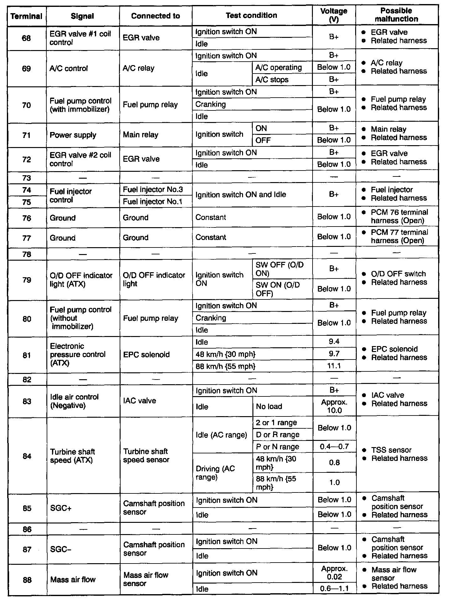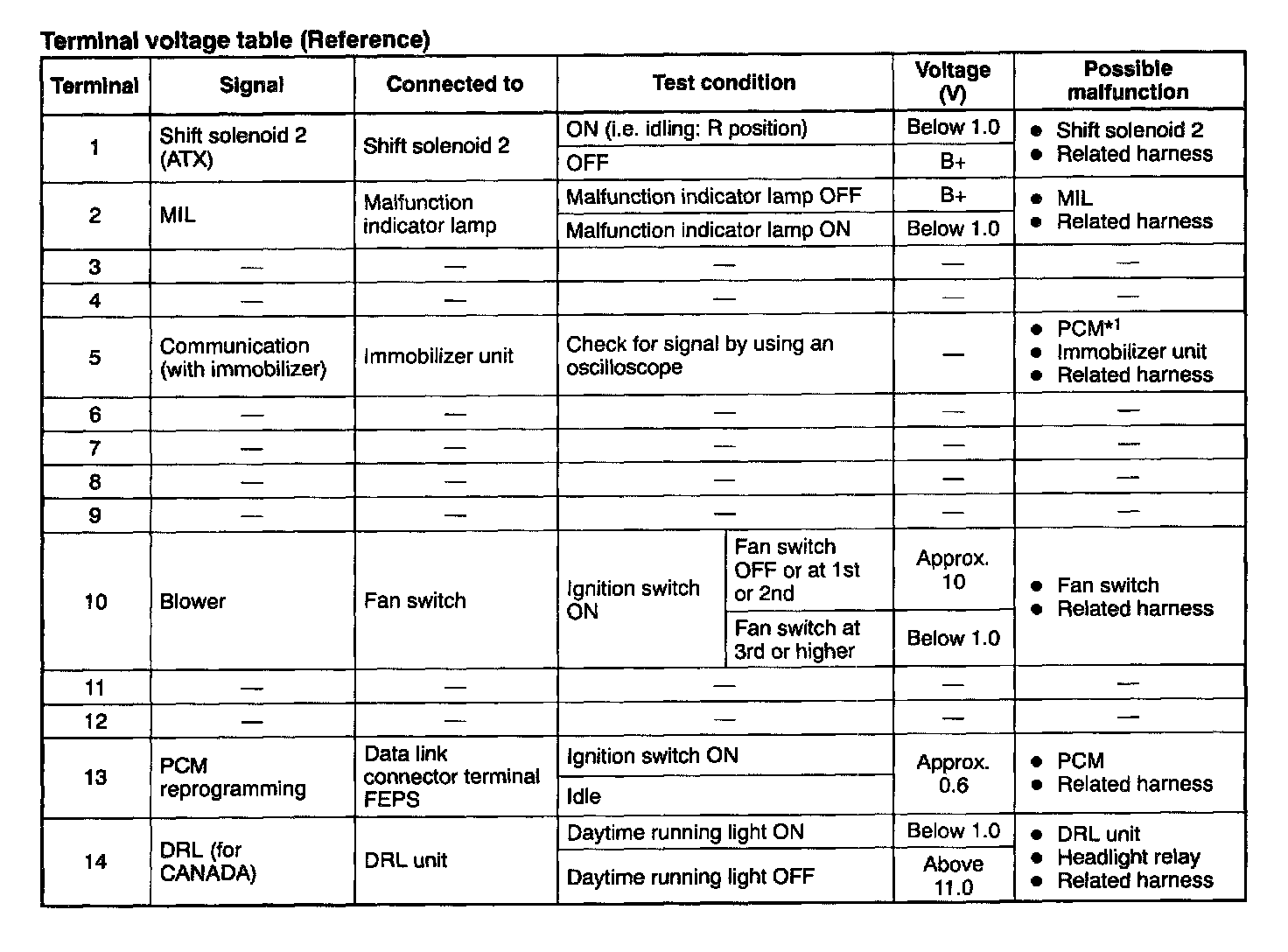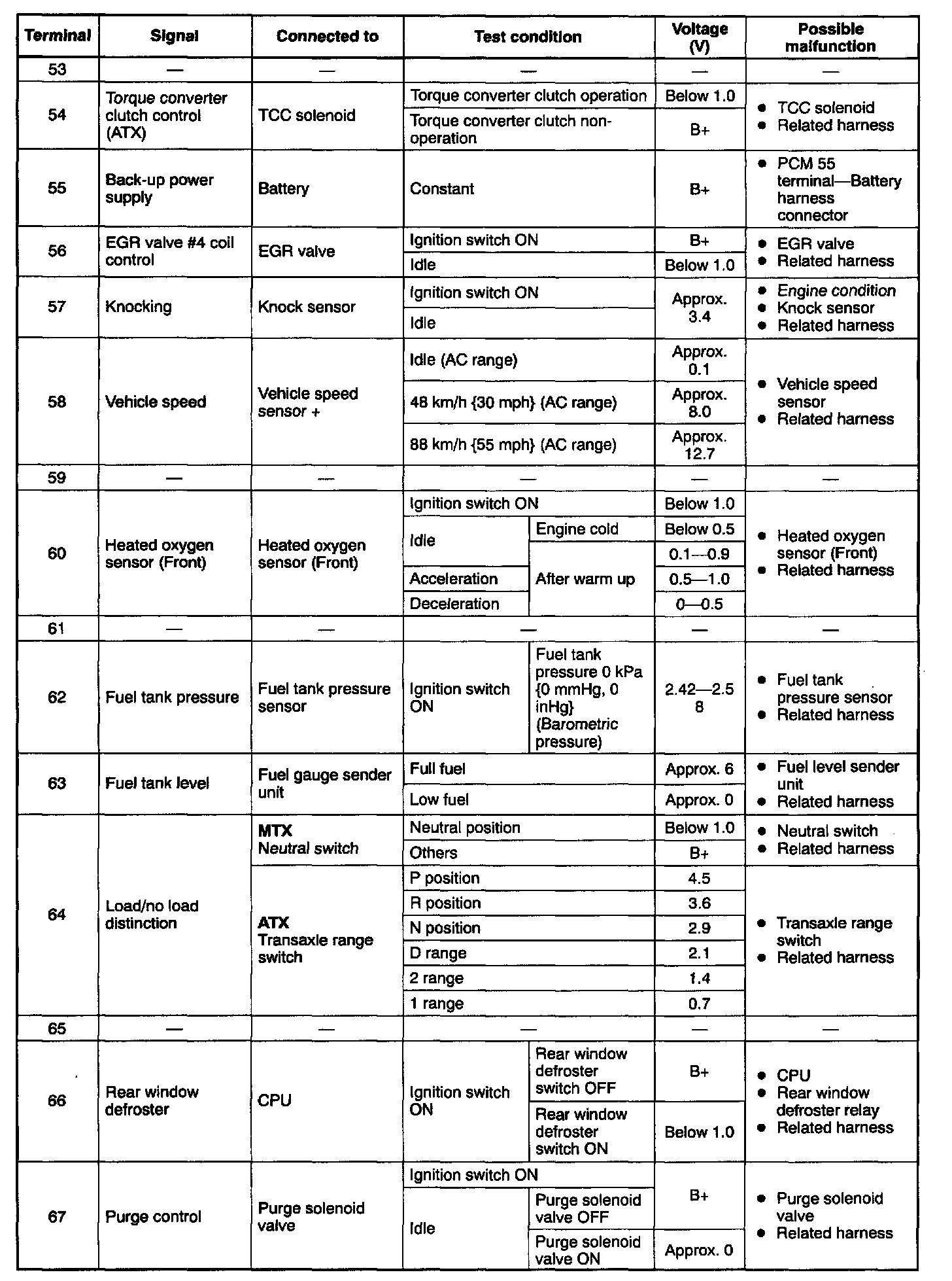 CAUTION: The PCM terminal voltages vary with change in measuring conditions and vehicle conditions. Always carry out a total inspection of the Input systems, output systems, and PCM to determine the cause of trouble. Otherwise, a wrong diagnosis will be made.
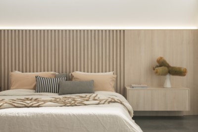 The brief for this cabinetry was to keep the design asymmetrical and to incorporate different products with the same finish. The end result was achieved by using Nordic Oak Woodmatt and 31x31 Steccawood battens, with the addition of lighting behind the bedhead to create an ambiance feeling.
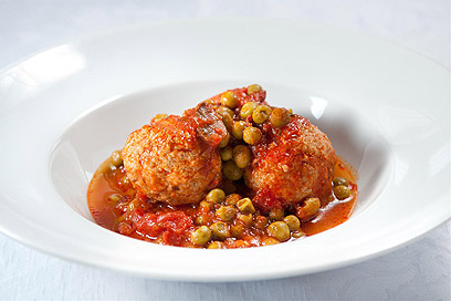 קציצות עוף ברוטב עגבניות ואפונה (צילום: ירון ברנר)
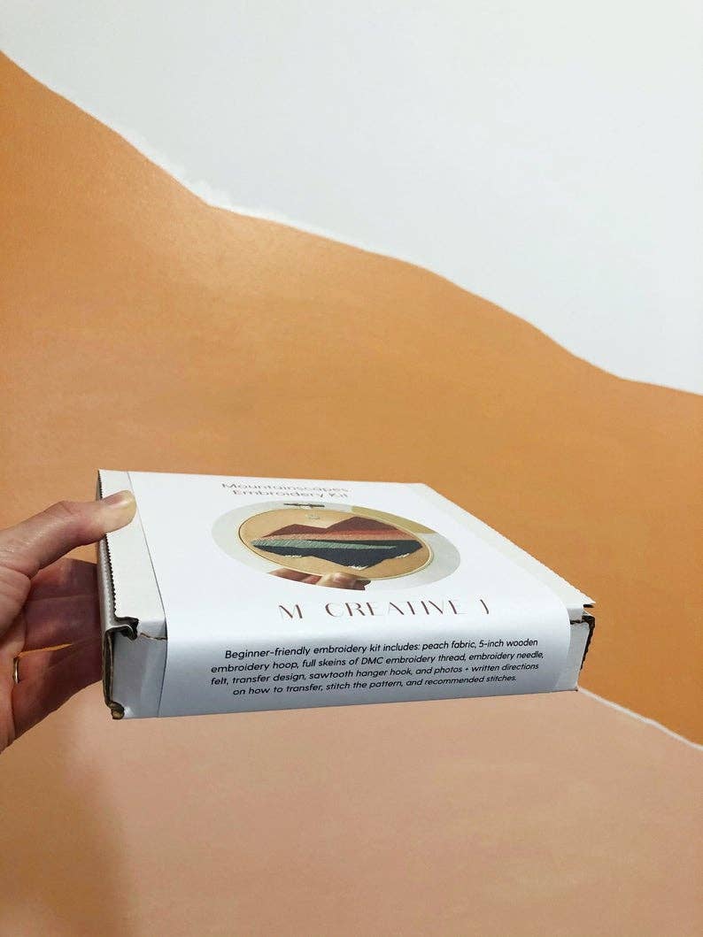 Inspired by a longing for the great outdoors, this desert and mountain landscape embroidery kit infuses a bit of whimsical wanderlust into your home without ever having to pack a bag or hop on an airplane. Each embroidery kit is beginner friendly and includes materials to create a 5-inch embroidered design.
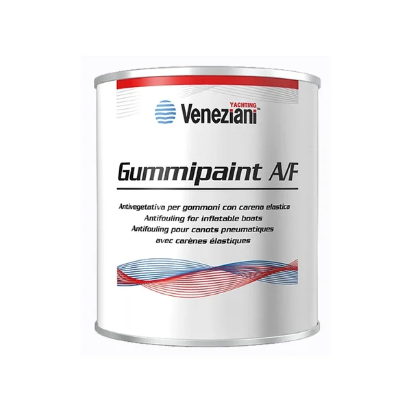 Antifouling Veneziani Gummipaint bateau pneumatique 0,5L Blanc Antifouling noir caractérisé par sa souplesse, recommandé pour les bateaux pneumatiques.
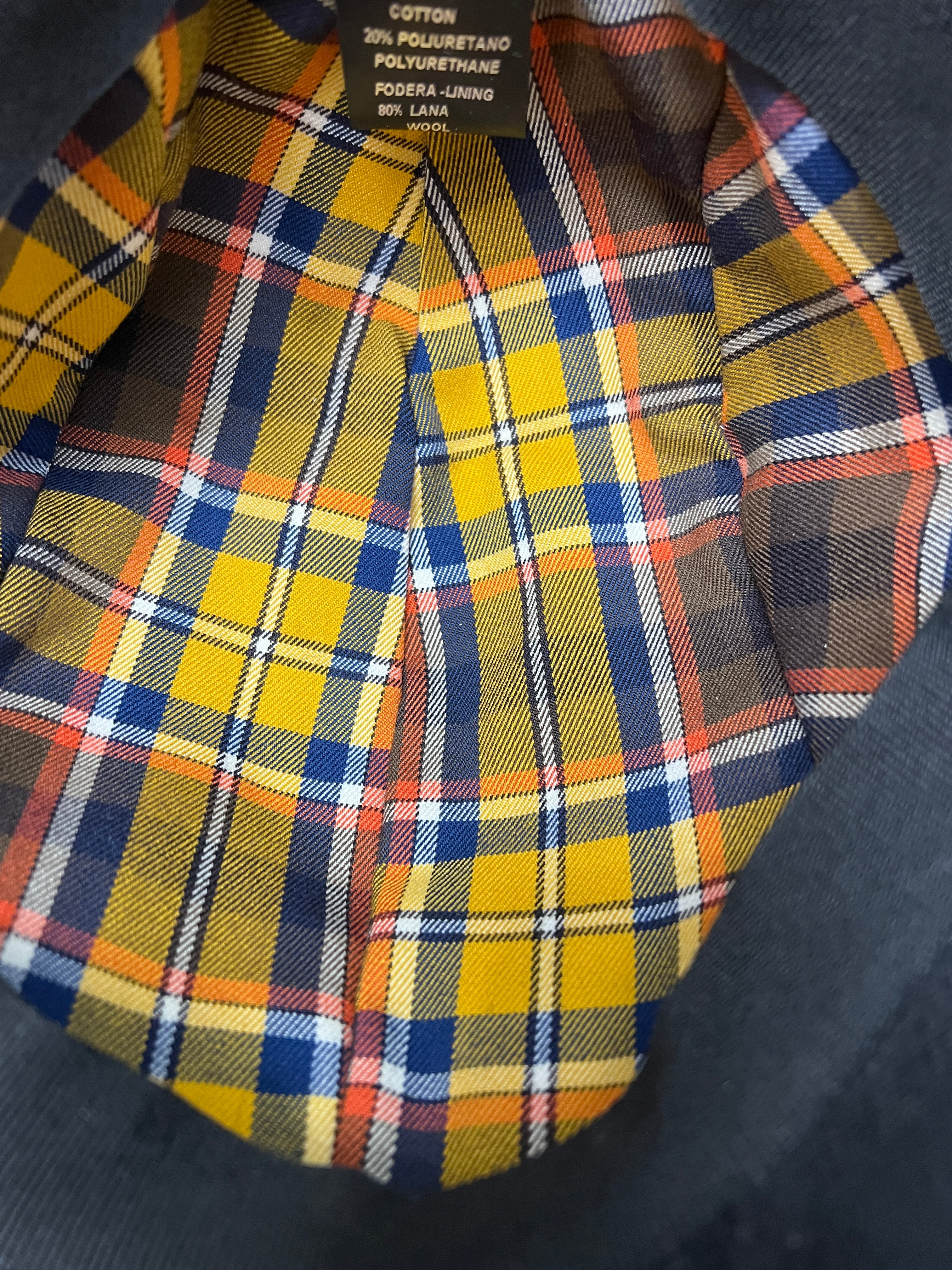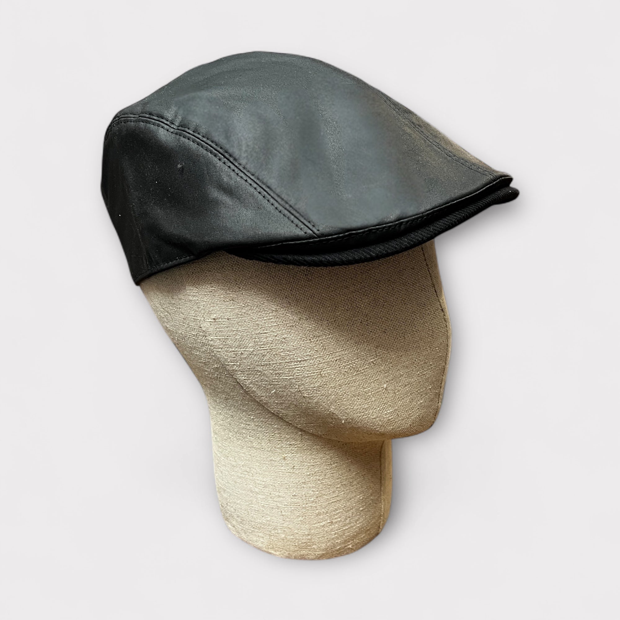 Coppola stretta in cotone cerato colore nero, impermeabile, con fodera in lana a motivo tartan. Linea slim, leggera e resistente. Made in Italy.

**EXERCISE BRIEF**
The required output is every line from the one containing "The brief for" through the last line of the records, inclusive, reproduced exactly and without pictures.

**EXPECTED OUTPUT**
 The brief for this cabinetry was to keep the design asymmetrical and to incorporate different products with the same finish. The end result was achieved by using Nordic Oak Woodmatt and 31x31 Steccawood battens, with the addition of lighting behind the bedhead to create an ambiance feeling.
 קציצות עוף ברוטב עגבניות ואפונה (צילום: ירון ברנר)
 Inspired by a longing for the great outdoors, this desert and mountain landscape embroidery kit infuses a bit of whimsical wanderlust into your home without ever having to pack a bag or hop on an airplane. Each embroidery kit is beginner friendly and includes materials to create a 5-inch embroidered design.
 Antifouling Veneziani Gummipaint bateau pneumatique 0,5L Blanc Antifouling noir caractérisé par sa souplesse, recommandé pour les bateaux pneumatiques.
 Coppola stretta in cotone cerato colore nero, impermeabile, con fodera in lana a motivo tartan. Linea slim, leggera e resistente. Made in Italy.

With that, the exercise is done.